Voici d’abord le point de vue de Rousseau, un philosophe des Lumières :


« Malheur à qui n’a plus rien à désirer ! Il perd pour ainsi dire tout ce qu’il possède. On jouit moins de ce
qu’on obtient que de ce qu’on espère, et l’on n’est heureux qu’avant d’être heureux. En effet, l’homme
avide et borné, fait pour tout vouloir et peu obtenir, a reçu du ciel une force consolante qui rapproche de
lui tout ce qu’il désire, qui le soumet à son imagination, qui le lui rend présent et sensible, qui le lui livre
en quelque sorte, et pour lui rendre cette imaginaire propriété plus douce, le modifie au gré de sa
passion. Mais tout ce prestige disparaît devant l’objet même ; rien n’embellit plus cet objet aux yeux du
possesseur; on ne se figure point ce qu’on voit ; l’imagination ne pare plus rien de ce qu’on possède,
l’illusion cesse où commence la jouissance. Le pays des chimères est en ce monde le seul digne d’être
habité et tel est le néant des choses humaines, qu’hors l’Être existant par lui-même, il n’y a rien de beau
que ce qui n’est pas. »

Extrait de La Nouvelle Héloïse, VIII, 1761

Pour Rousseau, penseur du XVIII siècle, le désir enchante la vie, et à l’inverse, l’existence sans la
puissance du désir devient un fardeau. C’est pourquoi il écrit :

« Malheur à qui n’a plus rien à désirer ».

Contre l’idée qu’il faut obtenir et consommer rapidement ce que nous désirons, Rousseau affirme qu’il
fat entretenir le désir et le faire durer. Pour lui, un désir inassouvi vaut finalement mieux qu’un désir
satisfait. Ainsi, déclare-t-il, « On jouit moins de ce qu’on obtient que de ce qu’on espère ».

Le désir amoureux :

Dans Fragments d’un discours amoureux, Roland Barthes évoque ce rapport qu’entretiennent désir et
amour à travers la communion à même de créer la troisième personne qu’on appelle « le couple ». En
effet, il existe un lien consubstantiel entre amour et désir : l’expression « je t’aime » signifie-t-elle pas
aussi « je te veux » ? Il s’agit d’un désir fusionnel. Ainsi, dans Le Banquet, œuvre majeure quant au
thème du désir, Platon évoque le récit d’Aristophane sur l’origine de l’amour, à savoir l’androgyne (des
êtres doubles jouissant de complétude et de pouvoir. Zeus décide de les diviser en deux et de plonger
chacune des moitiés dans la recherche éperdue son autre moitié. De cette déchirure sont restés les deux
genres.
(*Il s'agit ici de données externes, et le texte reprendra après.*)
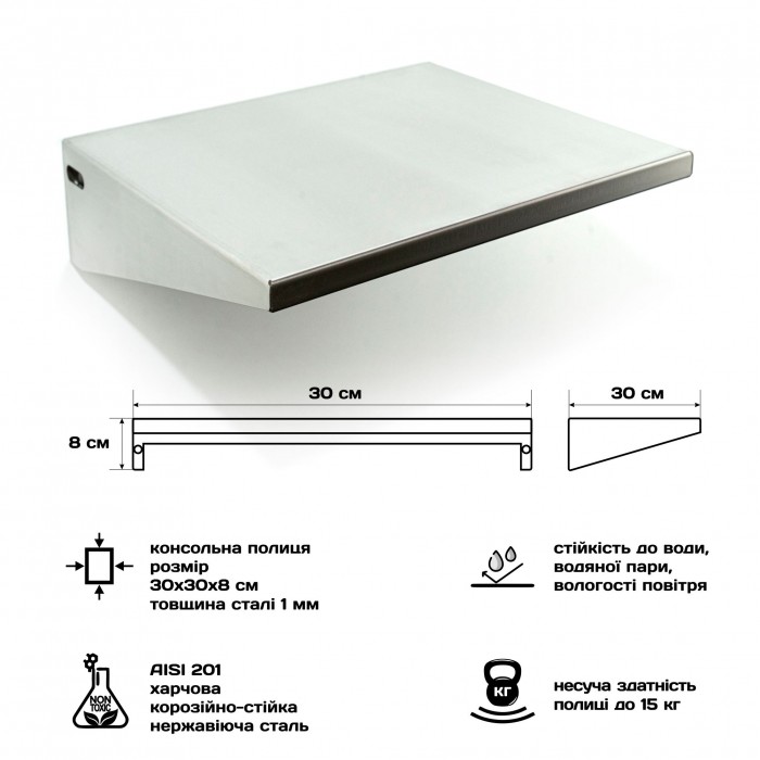 Консольная настенная полка из нержавеющей стали размером 30×30×8 см — надежное и практичное решение для профессиональных кухонь, кафе, ресторанов, а также для дома и хозяйственных помещений. Изготовлена из пищевой нержавеющей стали AISI 201 толщиной 1 мм, что обеспечивает прочность и устойчивость к влаге, пару и коррозии. Рабочая нагрузка до 15 кг позволяет безопасно хранить посуду, инвентарь, продукты или инструменты.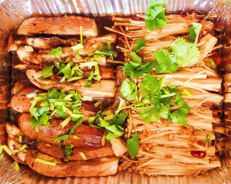 茄子2个;金针菇300g;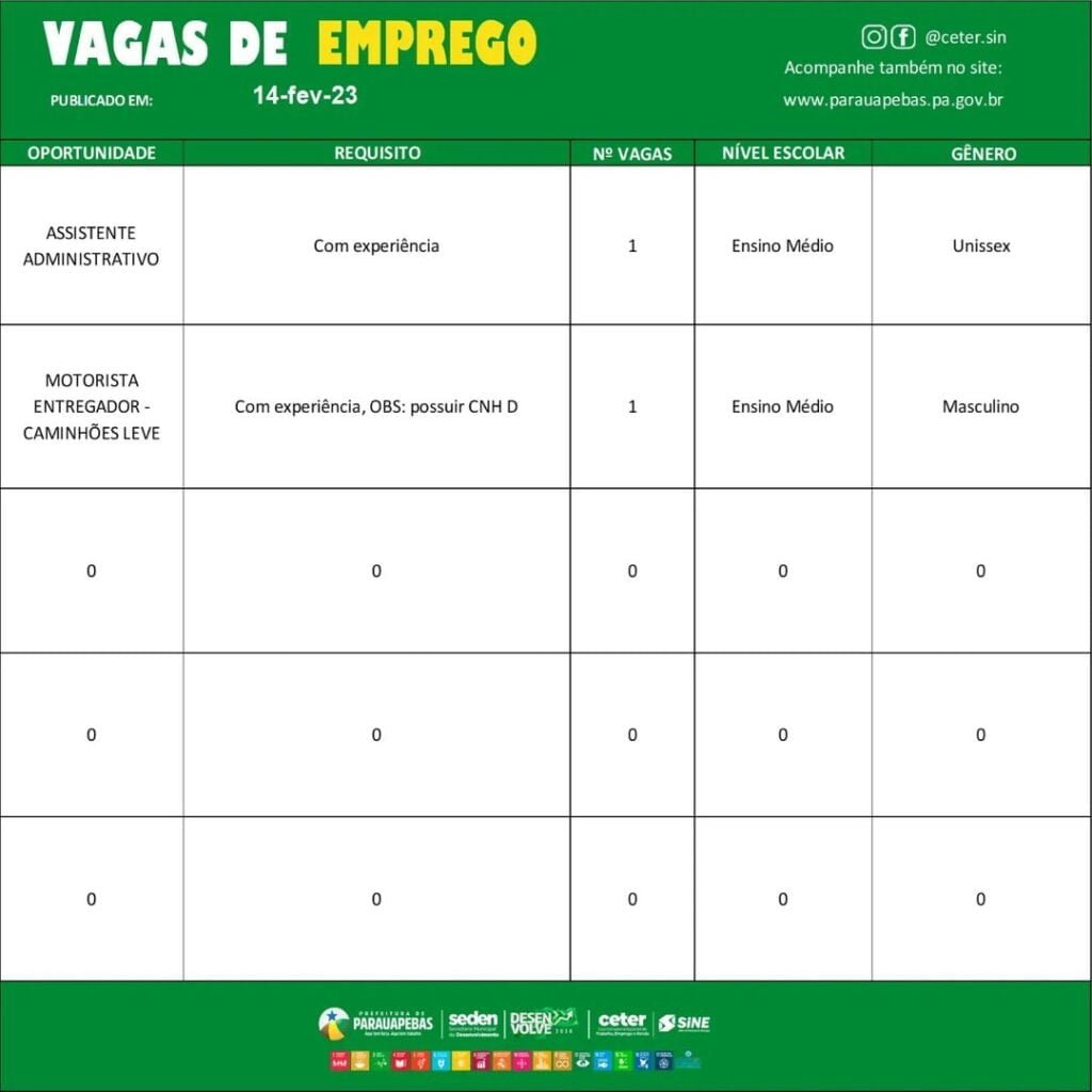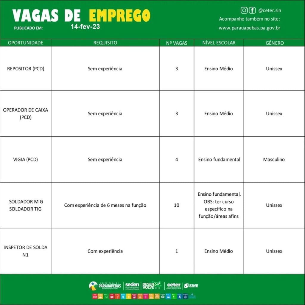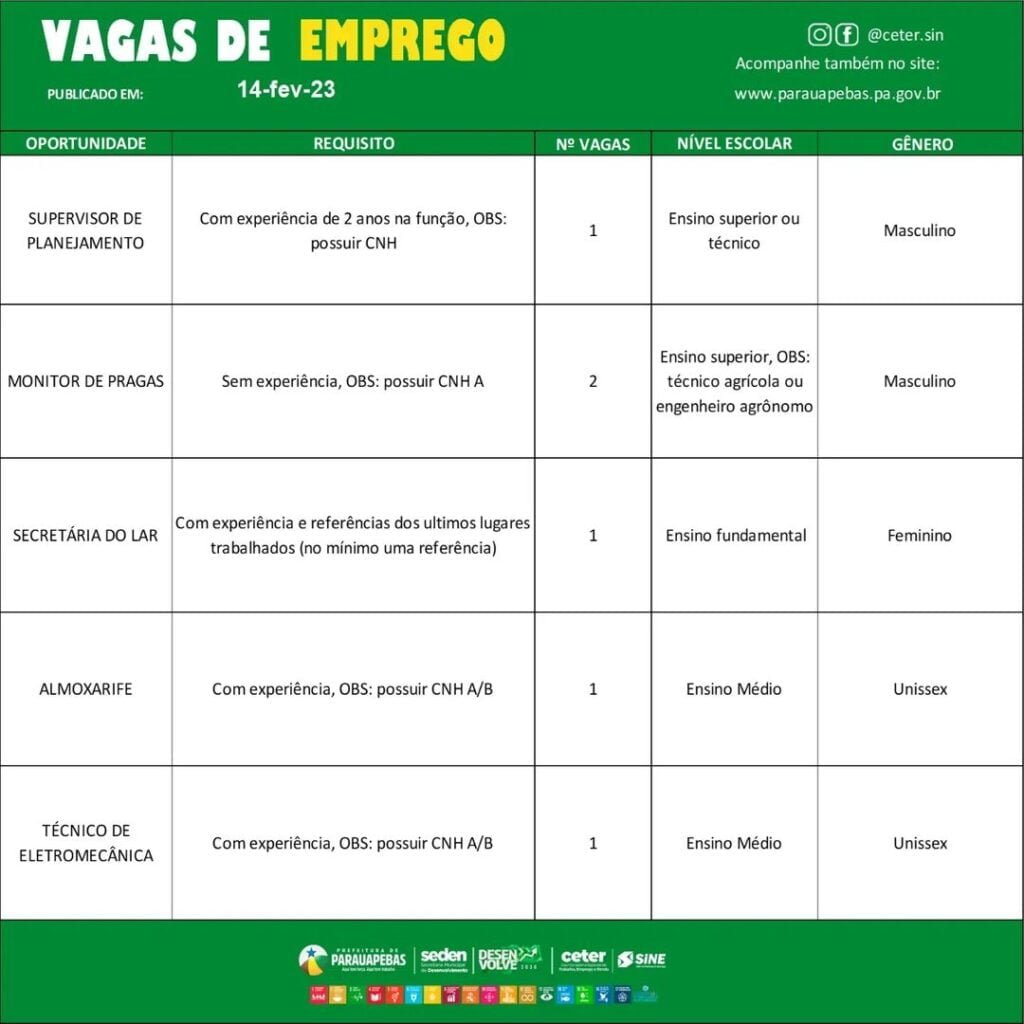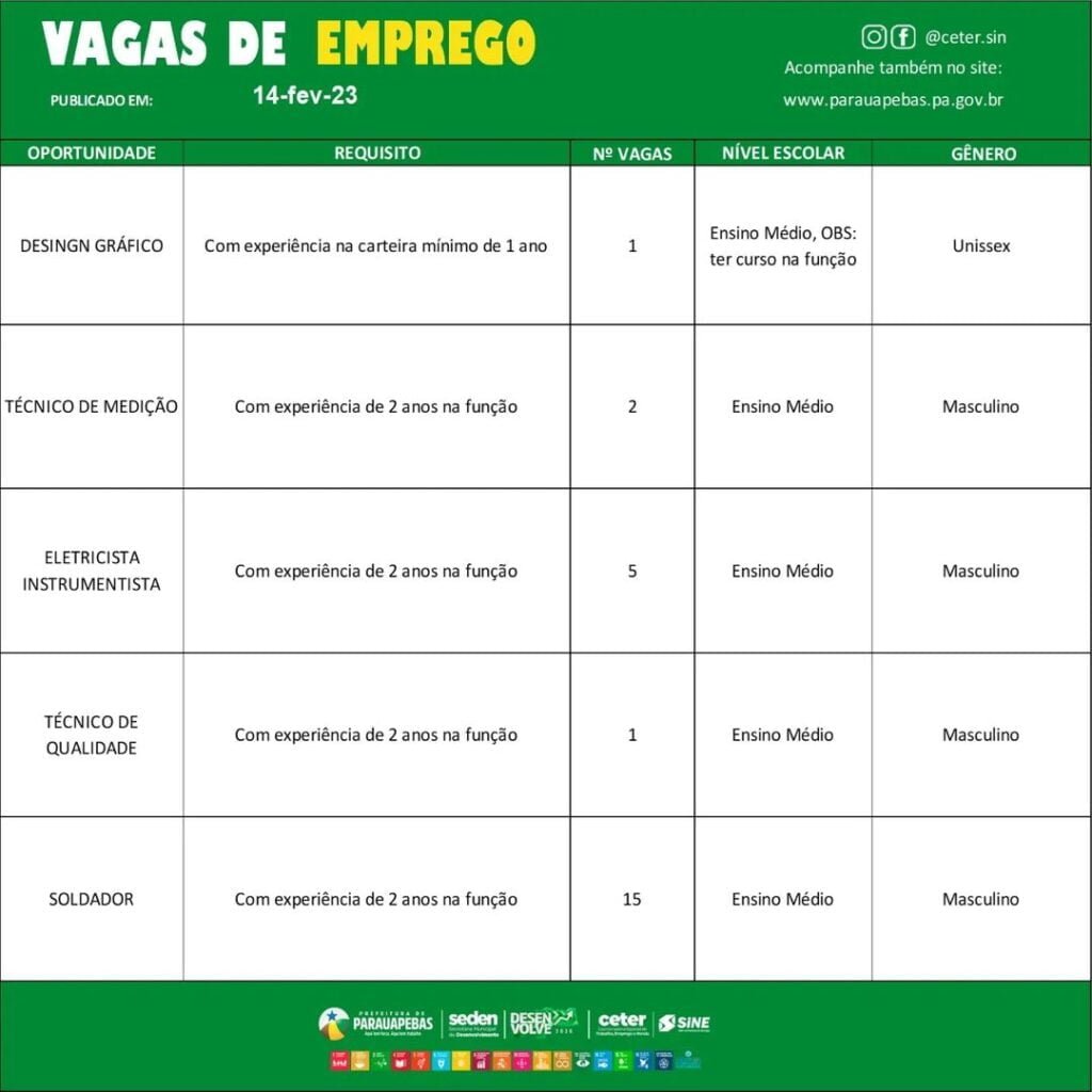O Sistema Nacional de Emprego (SINE) de Parauapebas, no Pará, está oferecendo diversas vagas de emprego nesta terça feira, 14 de fevereiro.

Ce mythe explique le désir qui pousse l’un vers l’autre. C’est dire qu’un amour sans désir n’est
pas un amour d’autant que les deux sont corollaires. L’amour peut sortir de l’éros pour s’en tenir à la
philia (amitié) ou à l’agapè (la charité : les autres nous sont chers), mais il englobe toujours le désir qui se
manifeste à travers plusieurs préférences : le temps à passer ensemble, les retrouvailles, la conversation,
le sentiment de déjà-vu et vécu. Par ailleurs, la philia désigne non seulement l’amitié mais toute sorte
d’attachement ; une force qui nous pousse l’un vers l’autre, un vouloir vivre ensemble étant donné que
l’homme est un zoon politikon. Celui qui ne désire pas les autres, et ne désire pas être avec les autres, il
est soit une bête soit un dieu. L’amour des autres, l’amitié civique : une volonté de faire corps avec les
autres : un être social. Pour Kant, l’Homme dispose d’une « faculté de désirer » et la volonté n’est qu’une
forme de cette faculté. La notion de « volonté libre » est au centre de la pensée morale kantienne : qui
ne peut être qu’une simple illusion. Car nous ignorons ce qui nous pousse à désirer. Autrement dit, les
désirs s’imposent à nous, à notre insu, mais dépendent aussi de nos mouvements et de nos pensées. Or
par l’intellect, on peut façonner nos désirs. Car l’homme est libre (1) et perfectible (2).